<238>Adieu, cher Jordan; n'oublie point ton ami, et conserve-moi dans ton cœur avec toute la fidélité qu'Oreste devait à Pylade.
141. DE M. JORDAN.
Sire,
On est impatient de voir l'effet que la dernière victoire aura produit. La Gazette de Leyde marquait que cette nouvelle avait causé de la consternation dans l'esprit du peuple anglais. On cherche en Hollande à se persuader que cette bataille n'est point décisive. On dit, avec tout cela, qu'il y a un peu de mésintelligence entre la Hollande et l'Angleterre. On ne comprend point les raisons du cantonnement. Voilà des nouvelles échappées par hasard de la bouche des maîtres politiques, qui souvent sont aussi silencieux que l'étaient autrefois les disciples de Pythagore.

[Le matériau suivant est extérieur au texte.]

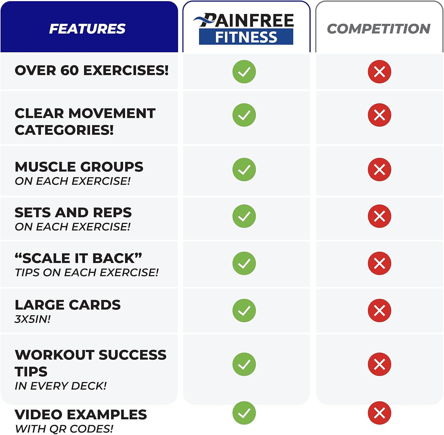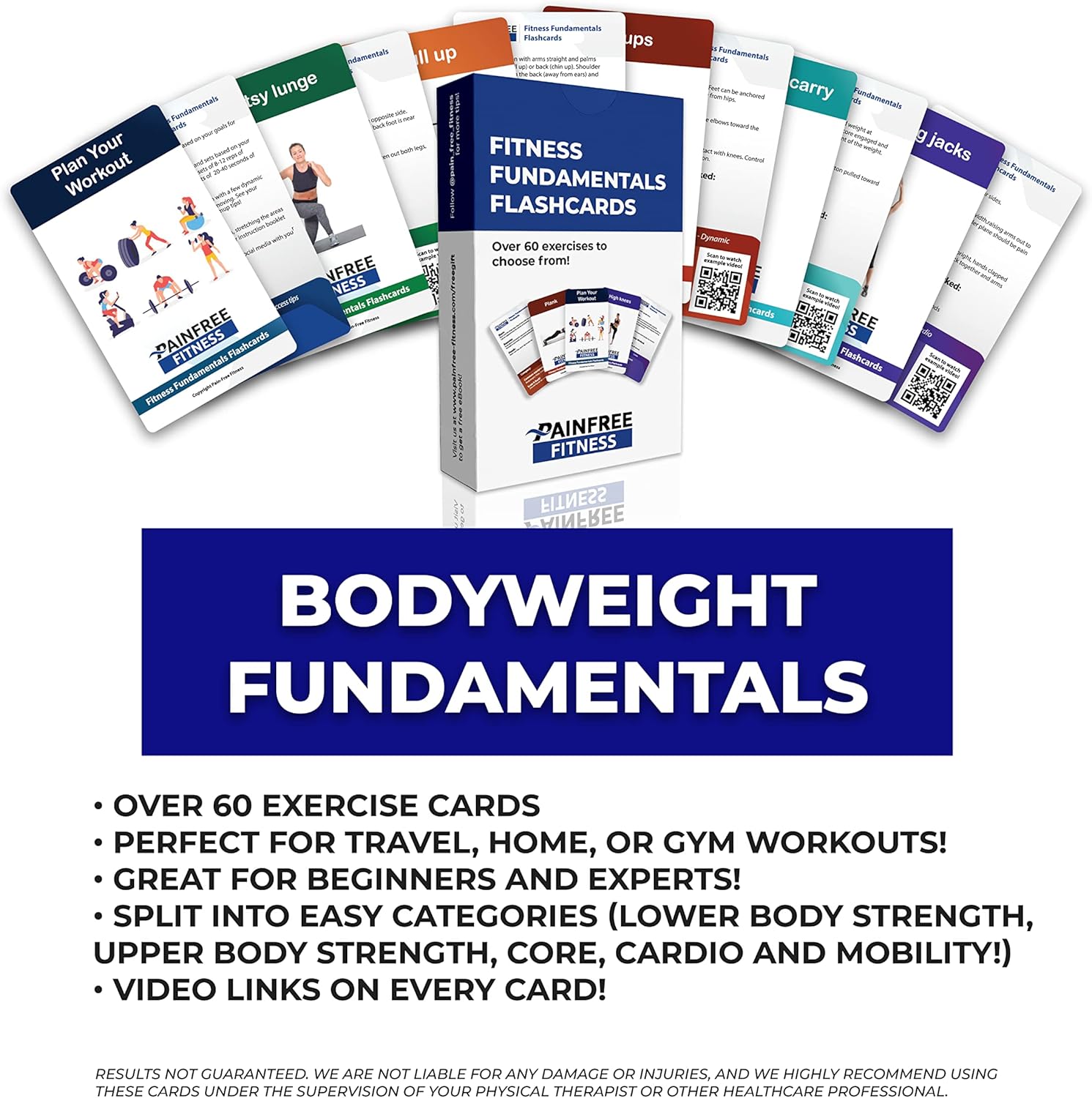 PROFESSIONAL RECOMMENDED: Trainers LOVE our amazing cards for their convenience, superior quality and WELL-RESEARCHED INSTRUCTIONS. Pain-Free Exercise Flashcards are even compatible with professional training programs AND preventative rehab! Pain Free Fitness is committed to providing fitness resources to make your next workout easy, FUN and PAIN-FREE!

Les réflexions que fait V. M. sur les révolutions qu'un seul homme peut occasionner sont également justes et ingénieuses. Je parlerai franchement à V. M. Ces révolutions ne m'ont pas surpris. Je n'ai pas eu l'honneur de lui faire ma cour pendant quatre semaines, que j'ai été convaincu que V. M. était destinée à faire de grandes choses. Tout le monde était alarmé de voir une guerre au commencement du règne de V. M., parce qu'on ne prévoyait pas que cette carrière serait glorieusement parcourue. V. M. a fait voir à l'Europe ses talents dans l'art militaire et dans la politique. V. M. montrera toujours à son peuple que, si elle sait être le destructeur acharné de ses ennemis, elle sait aussi être le père tendre de ses peuples. V. M. a, par cette guerre, montré qu'on ne l'attaque point impunément, et qu'elle a des troupes redoutables.